Additionally, a lid 12 can be attached to the husband end of the water intake tank exposed to the ground surface to improve the water pumping capacity. Although the method of the present invention can be applied to factories in various industries, it is particularly effective when applied to oil refineries, petrochemical factories, etc. In other words, since 10% of the site of a refinery or the like is regulated as a green belt, a large amount of money is required for the construction of the accompanying water sprinkling equipment. If the method of the present invention is adopted, water sprinkling equipment becomes unnecessary or can be reduced in size. This machine can also greatly reduce the amount of rainwater drainage work required. Since the water quality required for industrial water is almost the same as for drinking water, sufficient consideration is required when collecting and using non-oil-containing wastewater or rainwater.

In the present invention, since the lower layer of the permeable ground surface is a soil layer, drainage water and rainwater are naturally purified as they move downward. Furthermore, when this water enters the water intake tank, it is also purified by earth and sand. Therefore, the water pumped from the water intake tank can be fully used as industrial water.

[Brief explanation of the drawing]

FIG. 1 is an explanatory diagram showing the recovery method of the present invention, and FIG. 2 is a detailed explanatory diagram of a water intake tank used in the method of the present invention. In the figure, 2 is a water collection pond, 3 is a water intake tank, 4 is a sediment layer, and 5 is a permeable layer. Figure 1 Figure 2

Claims (1)

[Claims] 1. Drainage and rainwater collected on the upper surface of the ground surface, which is a permeable layer, is passed through the permeable layer, and the drainage and rainwater that has passed through the permeable layer is collected in a drain pipe provided below the permeable layer.
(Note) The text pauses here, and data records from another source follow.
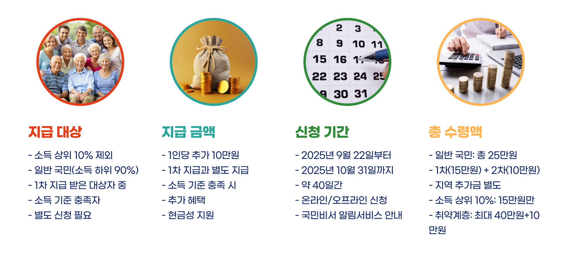 2025년 9월 22일~10월 31일 사이에 시행된 2차 지급은 소득 상위 10%를 제외한 국민에게 1인당 추가 10만 원을 지급하는 방식입니다. 즉, 일반 국민(소득 하위 90%)은 1차 15만 원 + 2차 10만 원을 모두 받고, 총 25만 원을 수령하게 됩니다.
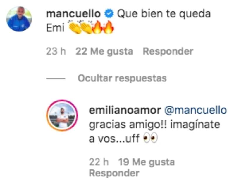 Uno de sus compañeros en Vélez Sarsfield, el argentino Federico Mancuello, le escribió un particular halago en la publicación. "Que bien te queda Emi", comentó sobre la indumentaria. Rápidamente Amor le respondió y le realizó una propuesta que llamó la atención de sus seguidores.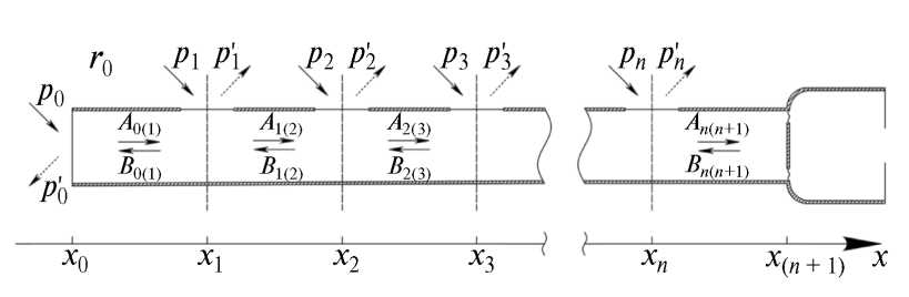 Рассмотрим интерференционную антенну длиной L с n боковыми отверстиями. Слева антенна открыта, а справа закрыта мембраной микрофона. Боковые отверстия пронумеруем слева направо – ближайшее отверстие к открытому торцу будет иметь номер i = 1, а ближайшее к концу, закрытому мембраной микрофона, i = n. Пусть центрам боковых отверстий соответствуют координаты x1, …, xi, …, xn. Открытый торец антенны мы обозначим i = 0, он расположен в x0, а закрытый торец – i = = (n + 1), он расположен в x(n+1). Внутренний радиус антенны обозначим r0, а толщину стенки антенны – ∆. Каждое боковое отверстие имеет радиус ri, а центры отверстий находятся на расстоянии d друг от друга. Открытый торец и боковое отверстие находятся на расстоянии d друг от друга, так же, как и боковое отверстие i = n от мембраны микрофона. На рис. 1 показано модельное представление интерференционной антенны. Требуется получить аналитическую запись результирующего звукового поля внутри интерференционной антенны на поршневой (нулевой) моде.

The water is passed through a layer of sand and sand with a low water content, and the purified water that has passed through this layer of sand is collected in a water collection pond made of impermeable material, and then the collected water is passed through the water collection pond. Drainage and rainwater recovery characterized by introducing water into a water intake tank disposed within the water intake tank through a permeable wall surface of the water intake tank, and pumping water guided into the water intake tank onto the ground surface via a pumping mechanism. Method.